I may be wrong, but I consider restricting access to the currrent
namespace as sometimes too rigid, sometimes too permissive. Too rigid
when, in some existing codebase, I want to authorize access from outside
of the current namespace. Too permissive when I want to authorize only a
pair of classes in the current namespace. 'Package-private' does not
provide this flexibility, even if extended to protected members.
Another argument : Imagine you have authorized protected access to
'private' classes from the current namespace. It will happen only in
classes marked as 'private'. So, you will end up with cases where access
to a method is refused because the class was not marked 'private'. In
the case of instantiation, 'private' brings a restriction, which seems
fine. In the case of protected access, 'private' will enable some
additional access, which seems weird, IMO.
Here is a possible syntax for an equivalent of 'package-private' :
class Foo
{
friend __NAMESPACE__\+;
protected function __construct(...) // Access from current namespace
and sub-spaces only
{
...
Another concept I was thinking about is to define several 'friendship'
types in a single class. This would allow a better access control at the
property/method level.
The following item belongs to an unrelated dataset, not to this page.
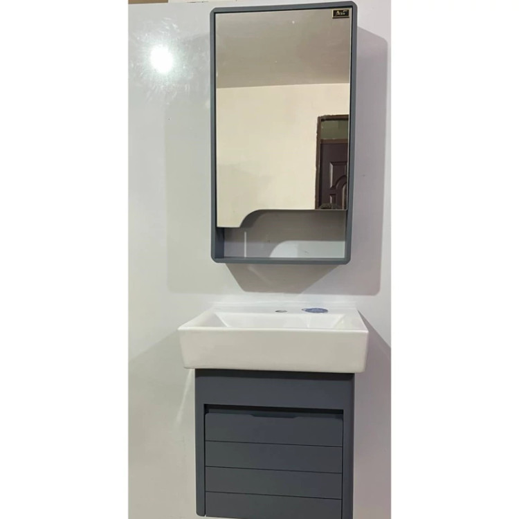 روشویی کابینتی pvc کوچک طوسی آتیلا ابعاد 46در30 همراه اینه و باکس مخفی

Example:
class Foo
{
friend current_ns __NAMESPACE__\+;
friend purge_enabled \MyNS\bar;
protected(current_ns) function __construct(...) // Access from
current namespace and sub-spaces only
{
...
}
protected(purge_enabled) function purge(...) // Can be called from
\MyNS\bar class only
{
...
Combined with a future separated read/write access permission to
properties, this could provide some very precise access control.